### Dataset excerpt
■ ■ ■ ■ ■ ■ ■

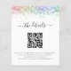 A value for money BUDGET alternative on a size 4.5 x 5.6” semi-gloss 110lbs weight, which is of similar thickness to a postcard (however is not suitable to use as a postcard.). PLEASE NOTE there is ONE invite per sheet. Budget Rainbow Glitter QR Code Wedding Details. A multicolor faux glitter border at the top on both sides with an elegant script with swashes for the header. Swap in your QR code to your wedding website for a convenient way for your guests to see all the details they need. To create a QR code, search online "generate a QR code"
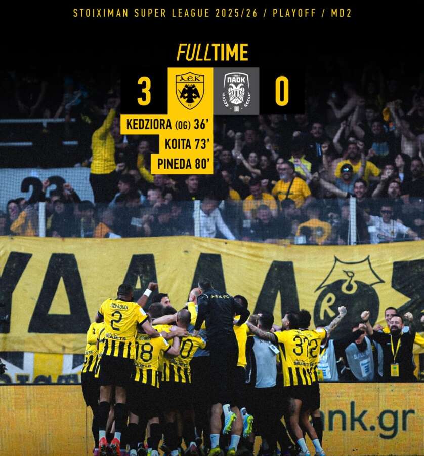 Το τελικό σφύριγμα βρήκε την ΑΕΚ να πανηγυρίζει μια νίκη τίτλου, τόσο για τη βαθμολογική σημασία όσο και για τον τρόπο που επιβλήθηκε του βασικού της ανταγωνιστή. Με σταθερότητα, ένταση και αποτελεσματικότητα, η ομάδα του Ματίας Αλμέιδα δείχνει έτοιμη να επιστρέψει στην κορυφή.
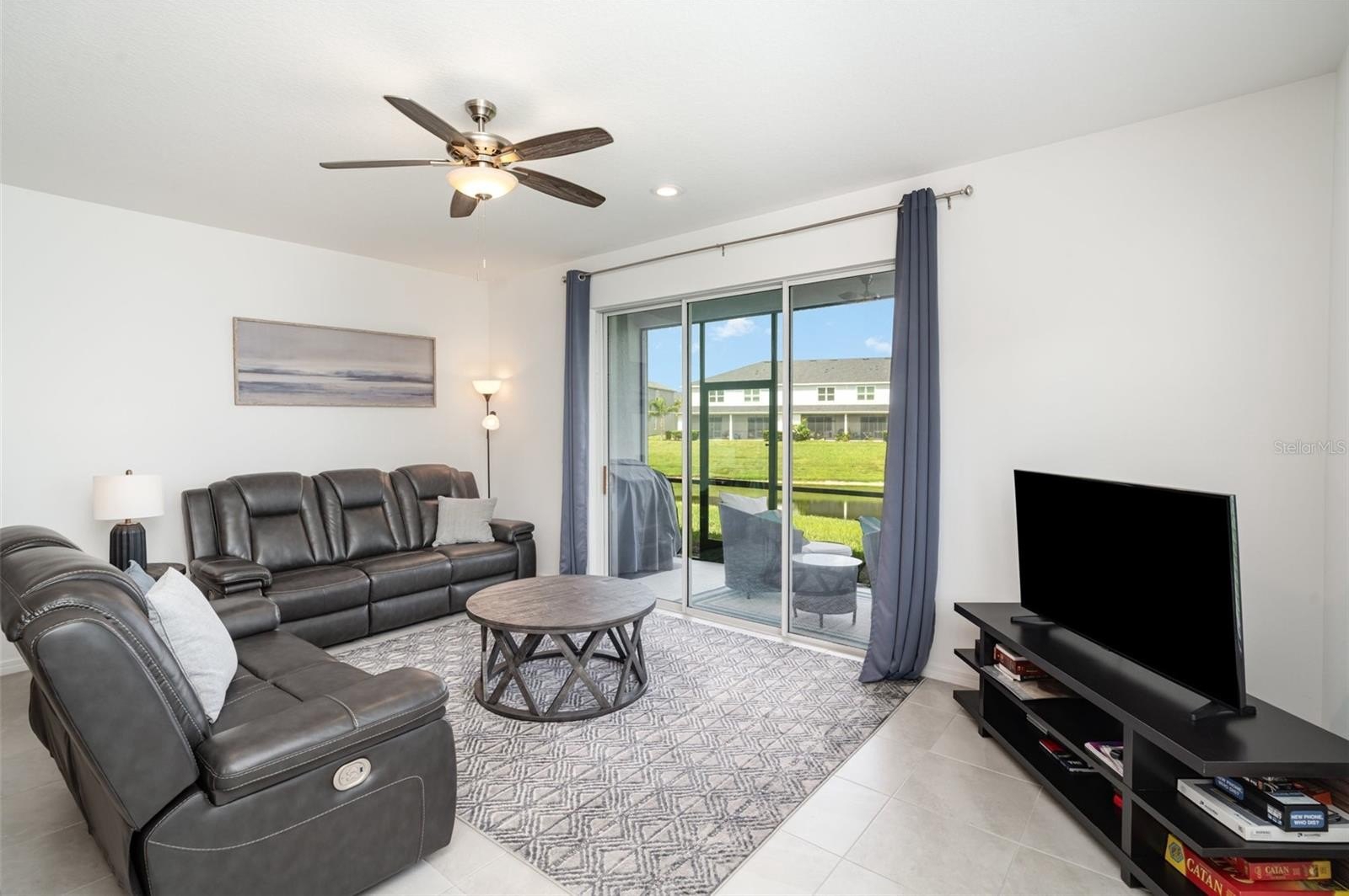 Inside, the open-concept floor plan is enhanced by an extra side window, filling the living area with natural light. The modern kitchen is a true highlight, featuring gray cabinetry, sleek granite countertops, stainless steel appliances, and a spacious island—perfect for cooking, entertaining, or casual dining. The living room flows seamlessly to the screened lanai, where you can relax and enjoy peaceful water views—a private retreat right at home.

■ ■ ■ ■ ■ ■ ■

### Exercise goal
Write out each line of the data exactly; the images should be left out.

### Expected answer
 A value for money BUDGET alternative on a size 4.5 x 5.6” semi-gloss 110lbs weight, which is of similar thickness to a postcard (however is not suitable to use as a postcard.). PLEASE NOTE there is ONE invite per sheet. Budget Rainbow Glitter QR Code Wedding Details. A multicolor faux glitter border at the top on both sides with an elegant script with swashes for the header. Swap in your QR code to your wedding website for a convenient way for your guests to see all the details they need. To create a QR code, search online "generate a QR code"
 Το τελικό σφύριγμα βρήκε την ΑΕΚ να πανηγυρίζει μια νίκη τίτλου, τόσο για τη βαθμολογική σημασία όσο και για τον τρόπο που επιβλήθηκε του βασικού της ανταγωνιστή. Με σταθερότητα, ένταση και αποτελεσματικότητα, η ομάδα του Ματίας Αλμέιδα δείχνει έτοιμη να επιστρέψει στην κορυφή.
 Inside, the open-concept floor plan is enhanced by an extra side window, filling the living area with natural light. The modern kitchen is a true highlight, featuring gray cabinetry, sleek granite countertops, stainless steel appliances, and a spacious island—perfect for cooking, entertaining, or casual dining. The living room flows seamlessly to the screened lanai, where you can relax and enjoy peaceful water views—a private retreat right at home.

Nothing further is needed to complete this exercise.